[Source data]
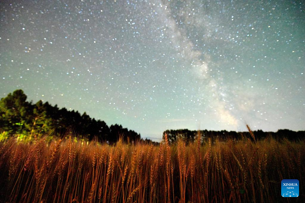 This photo taken on July 27, 2025 shows a wheat field under the starry sky in Heihe City, northeast China's Heilongjiang Province. Heilongjiang Province, a major agricultural producer dubbed "China's grain barn," have seen its crops enter the ripening stage recently. (Photo by Qian Boyu/Xinhua)
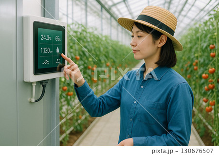 センサーや制御盤が組み込まれたビニールハウスの内観
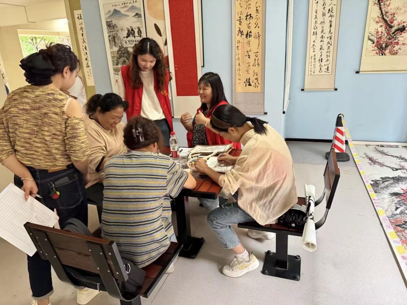 此次活动中,社区设置创作区,书法爱好者挥亳展示技艺;同时开设亲子书画体验活动,社区提供颜料,画具,在志愿者的帮助下共同体验绘画活动,让参与活动的每一位居民都能感受到书画艺术的魅力。我院志愿者在活动中积极协助社区帮助居民参与书画展,展现青年志愿者的担当与暖心。
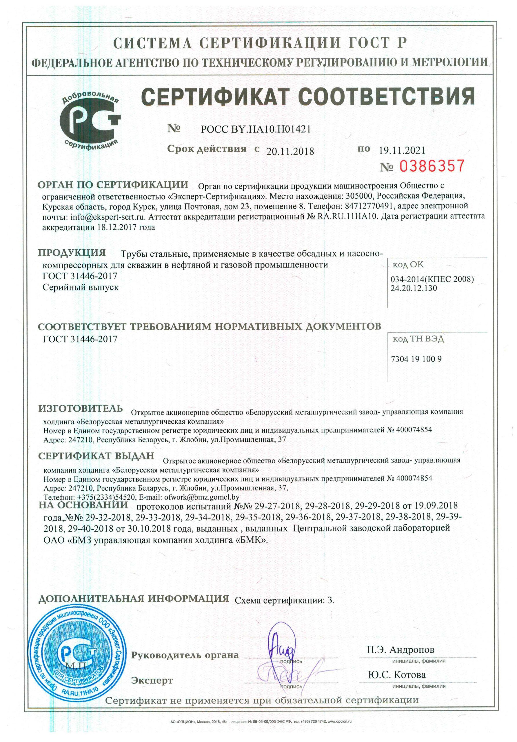 - 33. Certificate No.ROSS BY.HA10.H01421 for hot-deformed seamless pipes used as casing pipe or pump-compressor pipe according to State Standard GOST 31446-2017
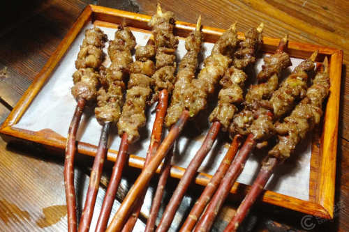 红柳枝承载着千年饮食智慧,削成小臂长的红柳,串起肥瘦相间的新鲜羊肉。炭火明灭间,鲁氏红柳枝经高温释放出琥珀色油脂,松针与枣香交织的清甜渗入肌理,悄悄瓦解了羊肉的腥膻。烤串在红炭上不断翻转,油脂滴落发出滋滋声响,表皮渐渐烤出金黄般焦脆,内里依旧鲜嫩多汁,咬开瞬间肉汁便在舌尖爆开。撒上粒粒分明的孜然与辣椒面,调料在余温中二次爆香,瘦肉吸饱油脂弹嫩不柴,肥肉烤成酥脆油渣,越嚼越香。
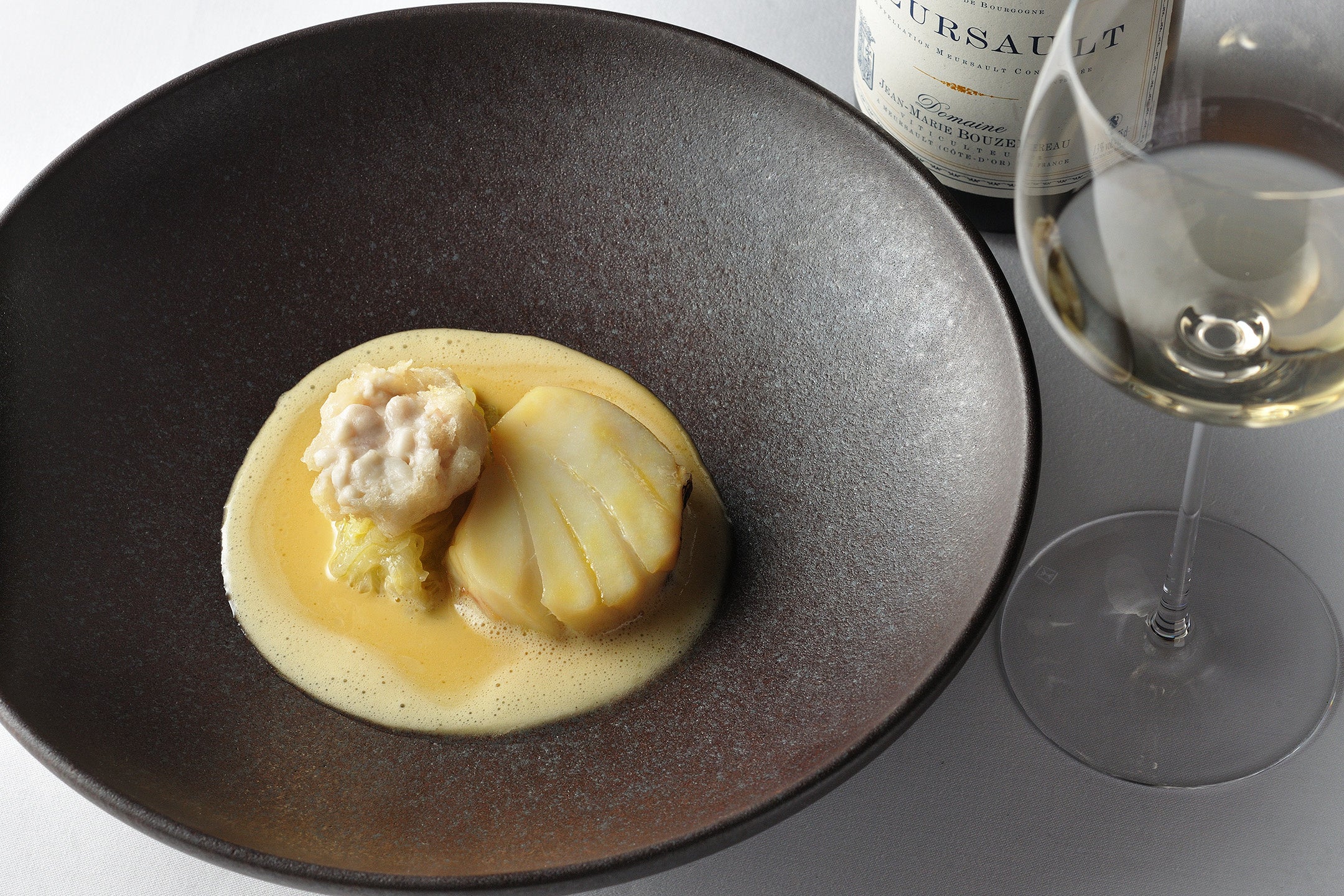 白子のクリーミーでコクのある味わいをさらに引き立てるために、バターのように濃厚でコクのある味わいが特徴の白ワインをセレクトしました。とても長い時間余韻を楽しめることが特徴的で、ミネラル感が強いシャルドネを使用しており、口当たりが良く、魚介の濃厚な旨味を堪能できる組み合わせです。
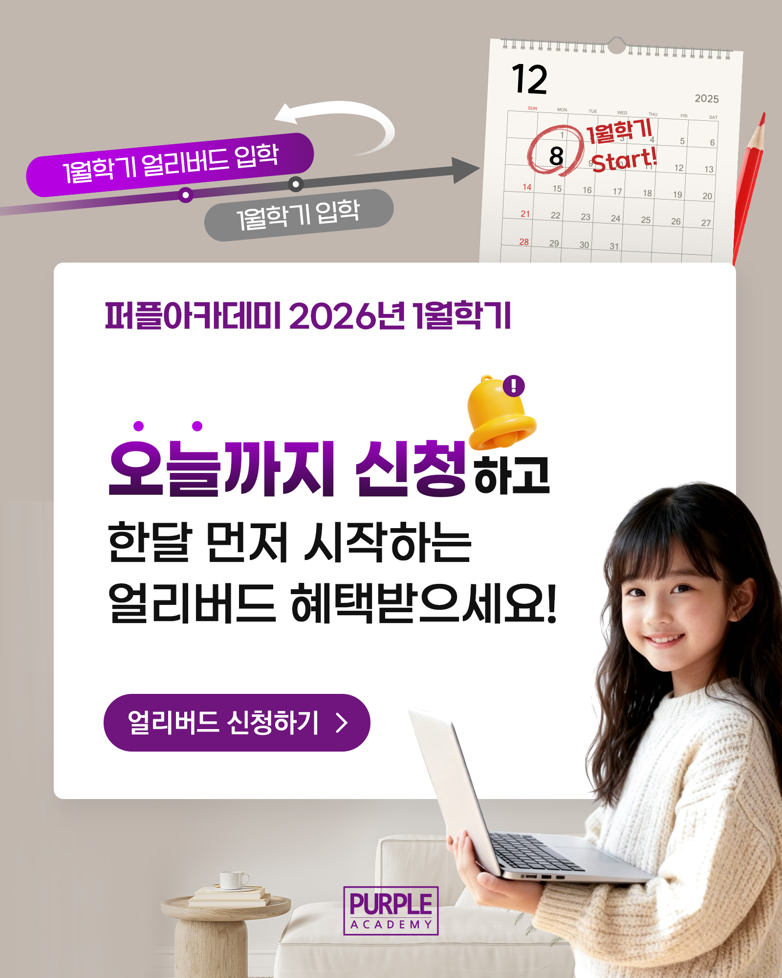 한 달 먼저 시작하는 얼리버드의 혜택! 1월 학기 시작 전, 퍼플아카데미의 학습 시스템이 오픈 됩니다!
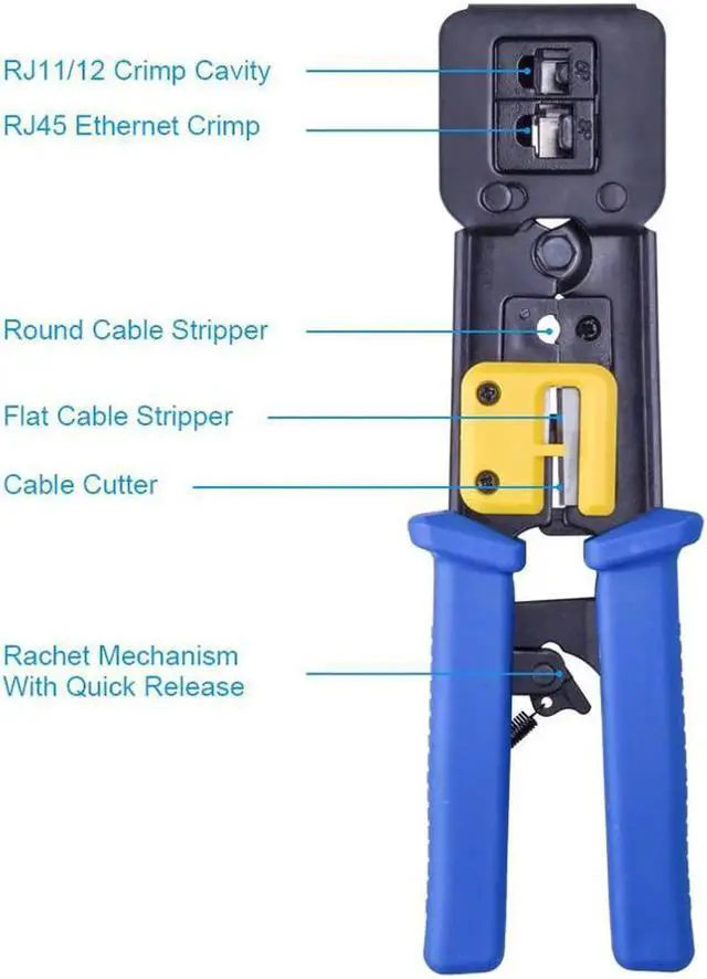 • RJ45 RJ12 Crimp Tool 6P/8P Multi-function Cable Cutter Pass Through Crimper Ethernet Cable Connector Crimping Tool
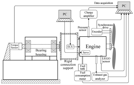 The tests were carried out on our homemade PTT30 propeller test bench, as shown in Figure 4. The test bench is mainly composed of a bearing housing and a rigid connecting support, attached with the bearing shaft. The engine is fixed on the rigid connecting support and the propeller is installed on the engine output shaft. When the engine drives the propeller, the torque is transferred via the rigid support to a torque sensor that is installed on the bearing shaft. An encoder used to measure the crankshaft position was attached on the engine output shaft through a synchronous drive belt. A Kistler 6052C pressure sensor was plugged into the cylinder to measure the cylinder pressure, and a Kistler SPC 2852A signal conditioning system was used to amplify the cylinder pressure signal. An NHA-506 exhaust gas analyzer was used to measure and analyze the compositions of exhaust gas. A UEGO sensor was plugged into the exhaust manifold to monitor the excess air coefficient. A fuel consumption meter was connected with the fuel tank to measure the fuel consumption. When the engine worked, an ECU was used to adjust the fuel injection to control the excess air coefficient, a servo was installed on the intake valve of the engine to adjust the throttle opening, and a capacitor discharge ignition system was used to ignite the engine.
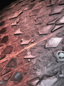 A tonnage-increase for an existing belt at a gold mine resulted in the installation of an ST-6300 conveyor belt, up from an ST-5600. Diamond rubber lagging was selected for the upgraded application given its flawless performance when installed on the drive pulleys before the upgrade. Following 4 weeks of operation with a heavier, higher-rated belt, catastrophic failure of the lagging occurred on both drive pulleys, as shown in Figure 2. This failure resulted in 3 days of unplanned downtime and ~$21m in lost production.
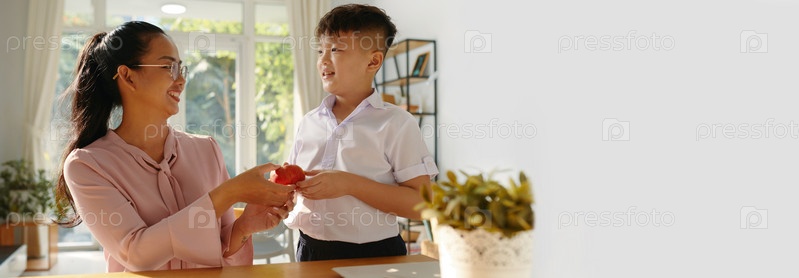 Баннер с надписью 'Учительница дарит школьнику яблоко'

Problem to solve: Write out exactly the lines between the start of the data and the line with "此次活动中,社区设置创作区,书法爱好者挥", including both, but none of the pictures.

Solution for this problem:
 This photo taken on July 27, 2025 shows a wheat field under the starry sky in Heihe City, northeast China's Heilongjiang Province. Heilongjiang Province, a major agricultural producer dubbed "China's grain barn," have seen its crops enter the ripening stage recently. (Photo by Qian Boyu/Xinhua)
 センサーや制御盤が組み込まれたビニールハウスの内観
 此次活动中,社区设置创作区,书法爱好者挥亳展示技艺;同时开设亲子书画体验活动,社区提供颜料,画具,在志愿者的帮助下共同体验绘画活动,让参与活动的每一位居民都能感受到书画艺术的魅力。我院志愿者在活动中积极协助社区帮助居民参与书画展,展现青年志愿者的担当与暖心。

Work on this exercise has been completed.